▸ Task requirements:
When you return the data, keep every word exact and include none of the images.

======== Material for this task ========

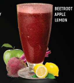
باي فايف 95 BY FIVE
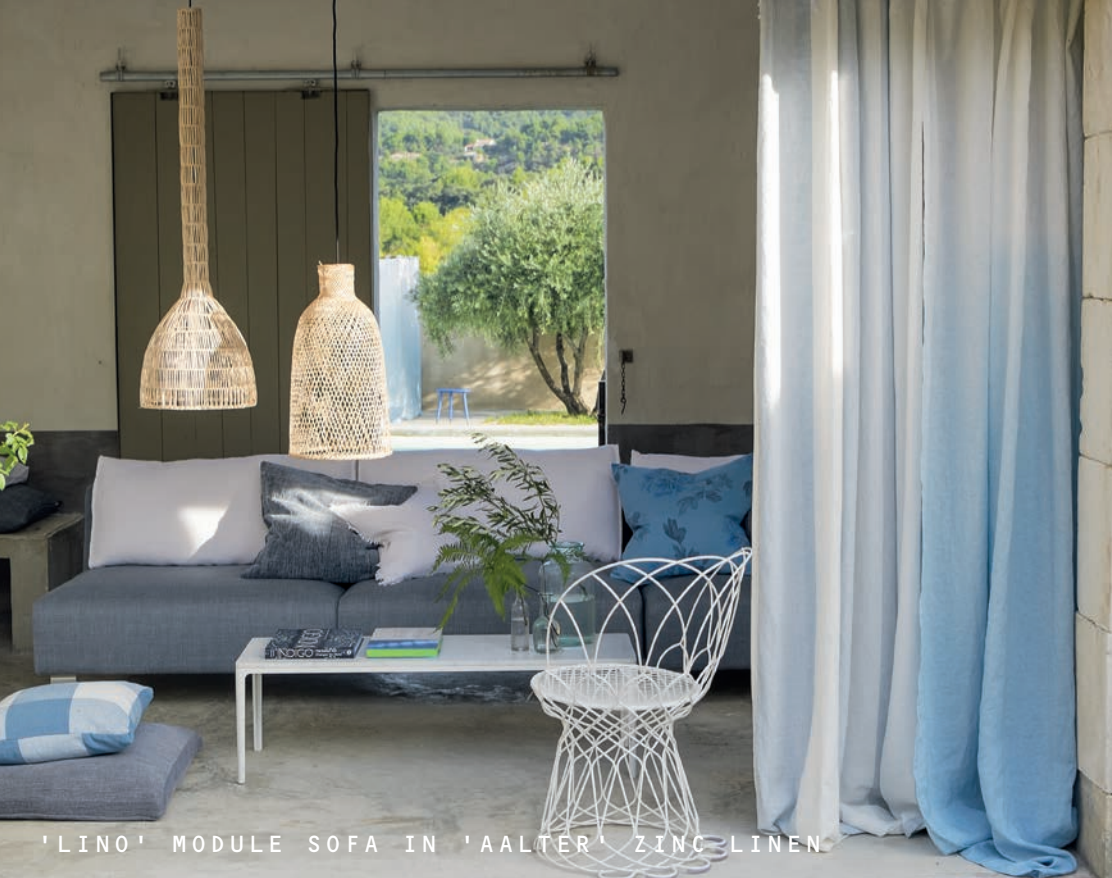
'LINO' MODULE SOFA IN 'AALTER' ZINC LINEN
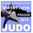
Image of Athletes

The federations are responsible to have obtained the rights for the EJU to use the competitor's image in whichever way it considers it necessary for the promotion of the sport.
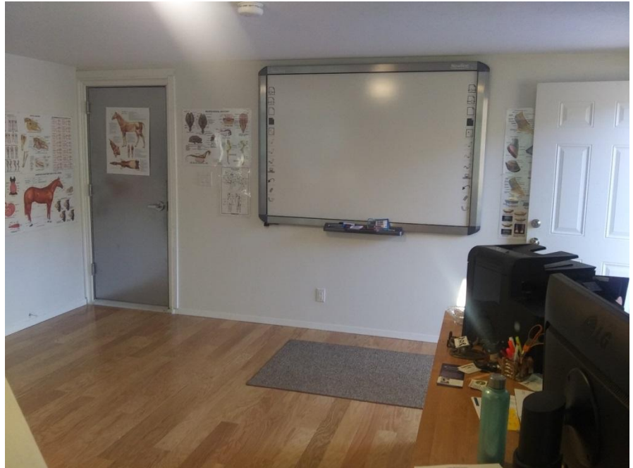
White Board for lecture
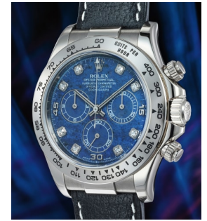
133 Rolex A rare and highly attractive whit... Estimate 25,000 — 50,000 CHF
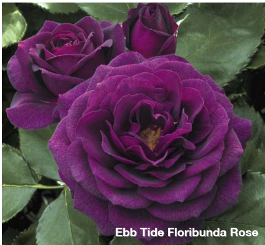
Ebb Tide Floribunda Rose
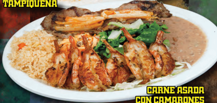
CARNE ASADA CON CAMARONES

Warning: Eating these oysters may cause severe illness and even death in persons who have liver disease (For example, Alcoholic Cirrhosis), cancer or other chronic illnesses that weaken the immune system. If you eat raw oysters and become ill, seek immediate medical attention. If you are unsure if you are at risk, you should consult your physician. Aviso Importante: Comer estas ostras crudas pueden causar una enfermedad grave y hasta la muerte en las personas que padecen de enfermedades del hígado (por ejemplo, cirrosis alcohólica), cáncer u otras enfermedades crónicas que debilitan el sistema inmunológico. Si usted come ostras crudas y se enferma, debe buscar atención médica inmediatamente. Si usted cree estar en peligro, debe consultar un médico.
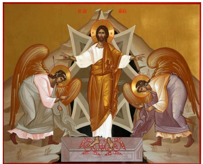
This image is licensed under CC BY-SA-NC .
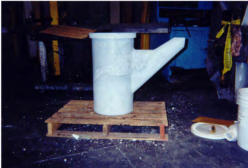
Ceramite® CSA Crucible for Chrysler, Etobicoke Piston Manufacturing
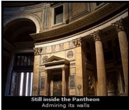
Still inside the Pantheon Admiring its walls
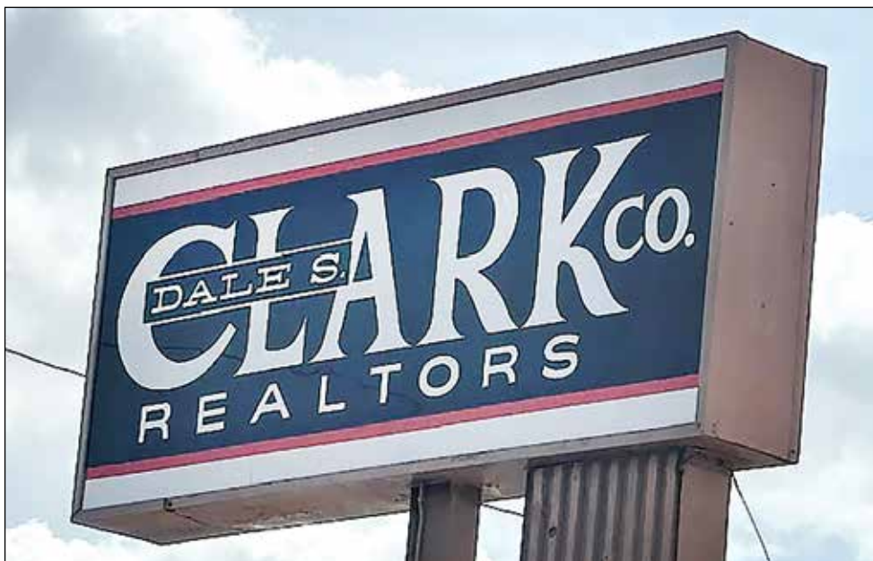
Clark Realtors.
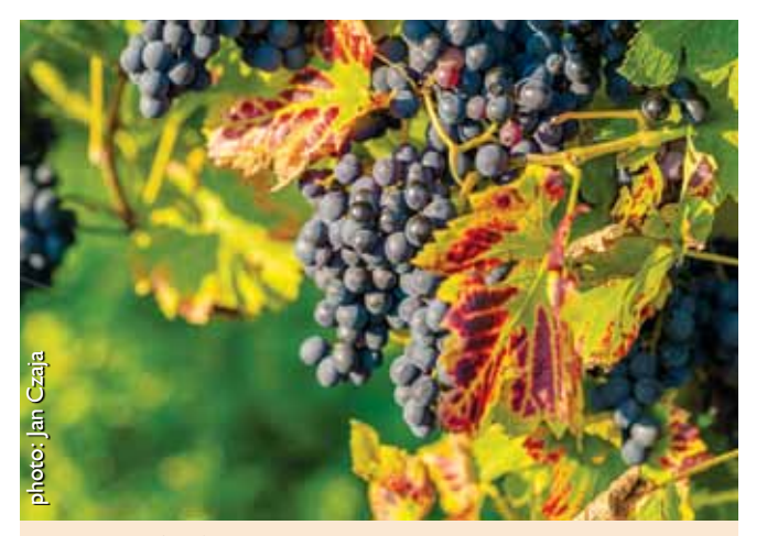
enoTARNOWSKIE – Winnicomania

And at the same time, you can visit one of dozens of vineyards, learn about the art of sommelier, taste wines and find out how to match the right wine with food. The region's flagship event is the annual Open Vineyard Days, where vineyards open their doors, inviting you to a different location every weekend. During the course, you can learn about the grape varieties, the history of the vineyard's origins, but also taste the best tipples.
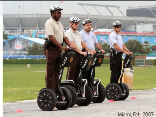
Miami, Feb. 2007

To learn more information or to find a local Authorized Segway Dealer, please visit www.segway.com/police or call 866.4SEGWAY
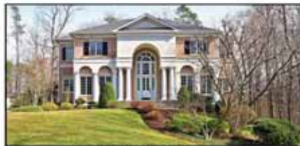
Fairfax Station - $1,250,000

Feels like brand new! Gorgeous updates throughout including walk-out lower level! Enjoy views of 5 peaceful acres from screened porch, deck or patio.
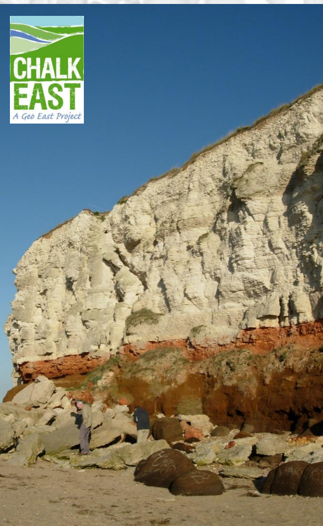
Hunstanton Cliff, Norfolk

Explore the Chalk landscape of Bedfordshire, Cambridgeshire, Essex, Hertfordshire, Norfolk and Suffolk
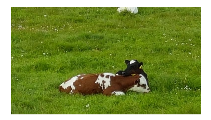
Figure 42: Calves commonly choose to lie together in full body contact. Relationships formed like this can last for years.

Calves naturally form relationships shortly after birth, with their mother and with their peers, which can last for years<sup>378,379</sup>. The mother provides milk for her calf. Whilst their mothers move off to graze, recently-born calves often lie together in pairs or groups. They commonly lie in close body contact with each other (see Figures 40 and 41). Calves also perform social play together from 2 weeks of age (see Figure 42), and perform locomotor play in parallel with each other even earlier than this<sup>380,381</sup>.
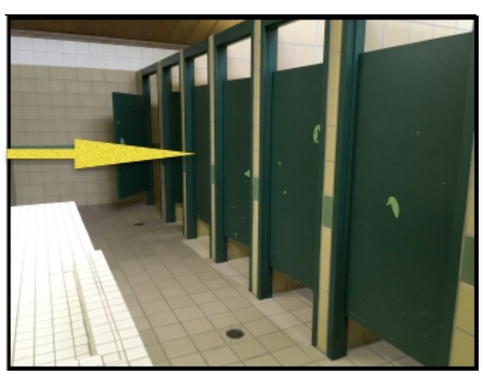
#8 - Create ambulatory stall
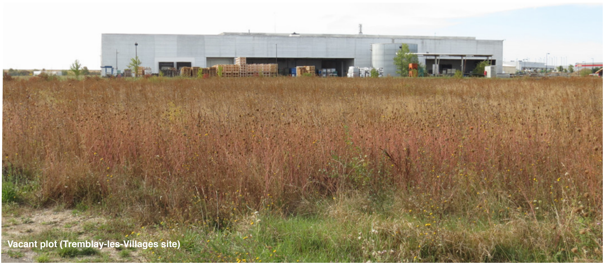
Vacant plot (Tremblay-les-Villages site)
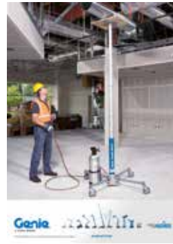
GH™ Super Hoist™
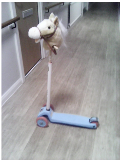
Figure 4: Concert Party: Scoot, a snow-white, pure-bred mare

We will be at the Age Concern Coffee Morning on 17th December, and then have a break until the beginning of February 2026 during what should be the worst of the winter weather.
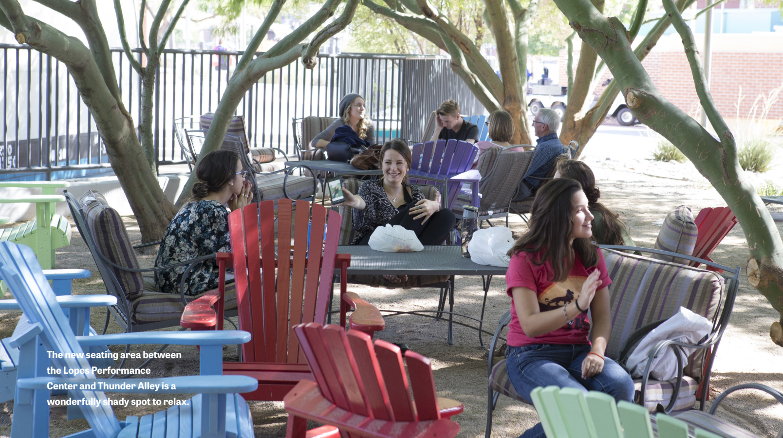
The new seating area between the Lopes Performance Center and Thunder Alley is a wonderfully shady spot to relax.
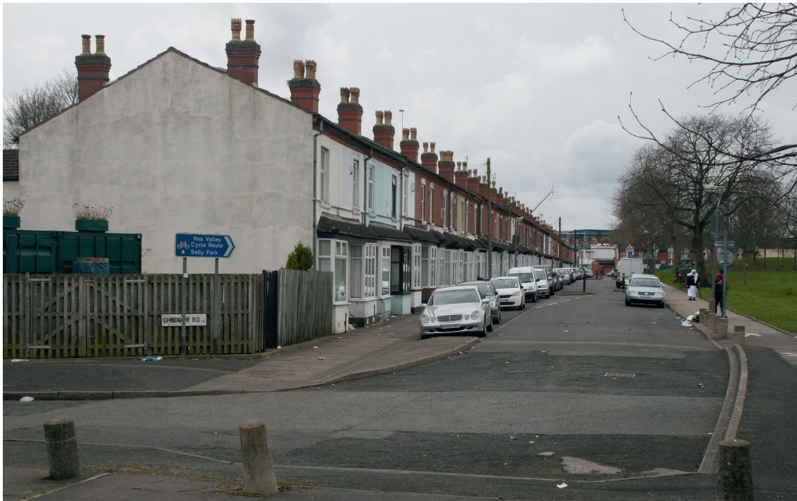
Figure 2. Cheddar Road, showing measures to prevent through traffic as part of changes to the physical landscape intended to deter drive-by soliciting of sex workers. Today it is an unremarkable street of nineteenth-century terraced housing.

driven in large part by the Muslim community, which has grown rapidly over the last 30 years to become the largest ethnic group in Balsall Heath. One of the most visible manifestations of this demographic shift is in the retail and leisure sector within the neighbourhood. One of our older African-Caribbean participants, with whom we walked around the neighbourhood on several occasions during the film-making process in the summer of 2015, spoke fondly of the shops present in the north-western part of Balsall Heath when he was a child prior to slum clearance. There was considerable nostalgia in this account, but also a reflection on the changing contemporary retail landscape. Shops in the area no longer cater for the rapidly shrinking African-Caribbean community, making it hard to source West Indian speciality foodstuffs. This participant spoke candidly about the experience of being black in Balsall Heath today, particularly his perception of facing racial discrimination at the hands of Muslim shopkeepers, contrasting
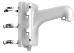
DS-1604ZJ-pole Vertical Pole Mount
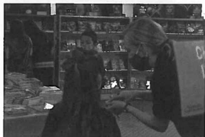
The students were Happy Campers selecting books and supplies at the book fair.
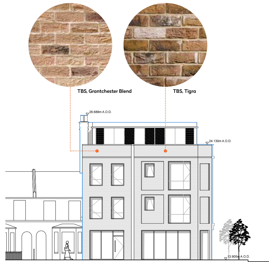
Proposed East Elevation (Haydons Road)
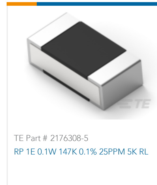
TE Part # 2176308-5 RP 1E 0.1W 147K 0.1% 25PPM 5K RL
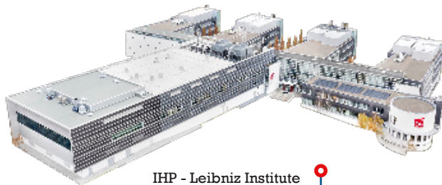
IHP - Leibniz Institute for High Performance Microelectronics
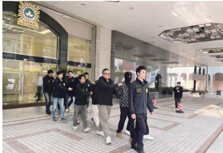
The four hooded mainland fraud suspects are escorted by Judiciary Police (PJ) officers to a PJ vehicle from the PJ headquarters in Zape.

The victim was also asked by one of the scammers to contact a wheelchair supplier in Hong Kong to assist the school in ordering 30
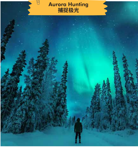
Aurora Hunting 捕捉极光
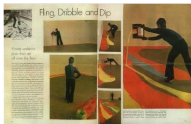
"Fling, Dribble, and Dip"
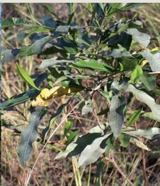
Hopbush ( Dodonaea viscosa )
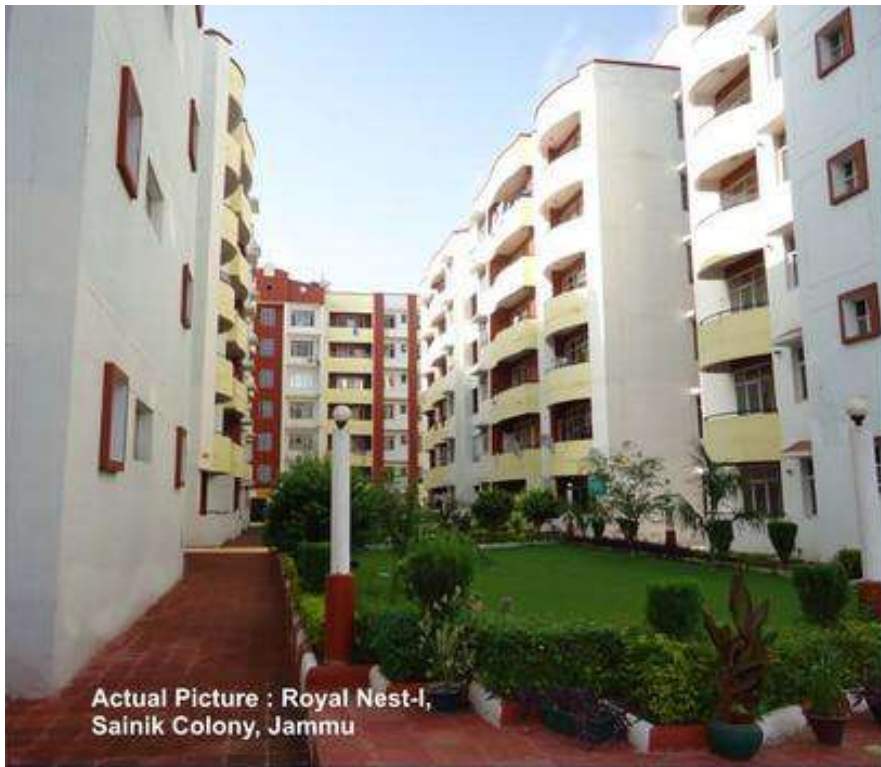
Actual Picture : Royal Nest-I, Sainik Colony, Jammu
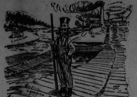
UNCLE SAM—"This is the nearest thing to having your cake after you've eaten it, I know of."

New York, June 13.—Continued inclement weather necessitated today an indefinite postponement of the third international polo match and the visit of the British players is regarded as ended.

========

▸ Your solution:
باي فايف 95 BY FIVE
'LINO' MODULE SOFA IN 'AALTER' ZINC LINEN
Image of Athletes

The federations are responsible to have obtained the rights for the EJU to use the competitor's image in whichever way it considers it necessary for the promotion of the sport.
White Board for lecture
133 Rolex A rare and highly attractive whit... Estimate 25,000 — 50,000 CHF
Ebb Tide Floribunda Rose
CARNE ASADA CON CAMARONES

Warning: Eating these oysters may cause severe illness and even death in persons who have liver disease (For example, Alcoholic Cirrhosis), cancer or other chronic illnesses that weaken the immune system. If you eat raw oysters and become ill, seek immediate medical attention. If you are unsure if you are at risk, you should consult your physician. Aviso Importante: Comer estas ostras crudas pueden causar una enfermedad grave y hasta la muerte en las personas que padecen de enfermedades del hígado (por ejemplo, cirrosis alcohólica), cáncer u otras enfermedades crónicas que debilitan el sistema inmunológico. Si usted come ostras crudas y se enferma, debe buscar atención médica inmediatamente. Si usted cree estar en peligro, debe consultar un médico.
This image is licensed under CC BY-SA-NC .
Ceramite® CSA Crucible for Chrysler, Etobicoke Piston Manufacturing
Still inside the Pantheon Admiring its walls
Clark Realtors.
enoTARNOWSKIE – Winnicomania

And at the same time, you can visit one of dozens of vineyards, learn about the art of sommelier, taste wines and find out how to match the right wine with food. The region's flagship event is the annual Open Vineyard Days, where vineyards open their doors, inviting you to a different location every weekend. During the course, you can learn about the grape varieties, the history of the vineyard's origins, but also taste the best tipples.
Miami, Feb. 2007

To learn more information or to find a local Authorized Segway Dealer, please visit www.segway.com/police or call 866.4SEGWAY
Fairfax Station - $1,250,000

Feels like brand new! Gorgeous updates throughout including walk-out lower level! Enjoy views of 5 peaceful acres from screened porch, deck or patio.
Hunstanton Cliff, Norfolk

Explore the Chalk landscape of Bedfordshire, Cambridgeshire, Essex, Hertfordshire, Norfolk and Suffolk
Figure 42: Calves commonly choose to lie together in full body contact. Relationships formed like this can last for years.

Calves naturally form relationships shortly after birth, with their mother and with their peers, which can last for years<sup>378,379</sup>. The mother provides milk for her calf. Whilst their mothers move off to graze, recently-born calves often lie together in pairs or groups. They commonly lie in close body contact with each other (see Figures 40 and 41). Calves also perform social play together from 2 weeks of age (see Figure 42), and perform locomotor play in parallel with each other even earlier than this<sup>380,381</sup>.
#8 - Create ambulatory stall
Vacant plot (Tremblay-les-Villages site)
GH™ Super Hoist™
Figure 4: Concert Party: Scoot, a snow-white, pure-bred mare

We will be at the Age Concern Coffee Morning on 17th December, and then have a break until the beginning of February 2026 during what should be the worst of the winter weather.
The new seating area between the Lopes Performance Center and Thunder Alley is a wonderfully shady spot to relax.
Figure 2. Cheddar Road, showing measures to prevent through traffic as part of changes to the physical landscape intended to deter drive-by soliciting of sex workers. Today it is an unremarkable street of nineteenth-century terraced housing.

driven in large part by the Muslim community, which has grown rapidly over the last 30 years to become the largest ethnic group in Balsall Heath. One of the most visible manifestations of this demographic shift is in the retail and leisure sector within the neighbourhood. One of our older African-Caribbean participants, with whom we walked around the neighbourhood on several occasions during the film-making process in the summer of 2015, spoke fondly of the shops present in the north-western part of Balsall Heath when he was a child prior to slum clearance. There was considerable nostalgia in this account, but also a reflection on the changing contemporary retail landscape. Shops in the area no longer cater for the rapidly shrinking African-Caribbean community, making it hard to source West Indian speciality foodstuffs. This participant spoke candidly about the experience of being black in Balsall Heath today, particularly his perception of facing racial discrimination at the hands of Muslim shopkeepers, contrasting
DS-1604ZJ-pole Vertical Pole Mount
The students were Happy Campers selecting books and supplies at the book fair.
Proposed East Elevation (Haydons Road)
TE Part # 2176308-5 RP 1E 0.1W 147K 0.1% 25PPM 5K RL
IHP - Leibniz Institute for High Performance Microelectronics
The four hooded mainland fraud suspects are escorted by Judiciary Police (PJ) officers to a PJ vehicle from the PJ headquarters in Zape.

The victim was also asked by one of the scammers to contact a wheelchair supplier in Hong Kong to assist the school in ordering 30
Aurora Hunting 捕捉极光
"Fling, Dribble, and Dip"
Hopbush ( Dodonaea viscosa )
Actual Picture : Royal Nest-I, Sainik Colony, Jammu
UNCLE SAM—"This is the nearest thing to having your cake after you've eaten it, I know of."

New York, June 13.—Continued inclement weather necessitated today an indefinite postponement of the third international polo match and the visit of the British players is regarded as ended.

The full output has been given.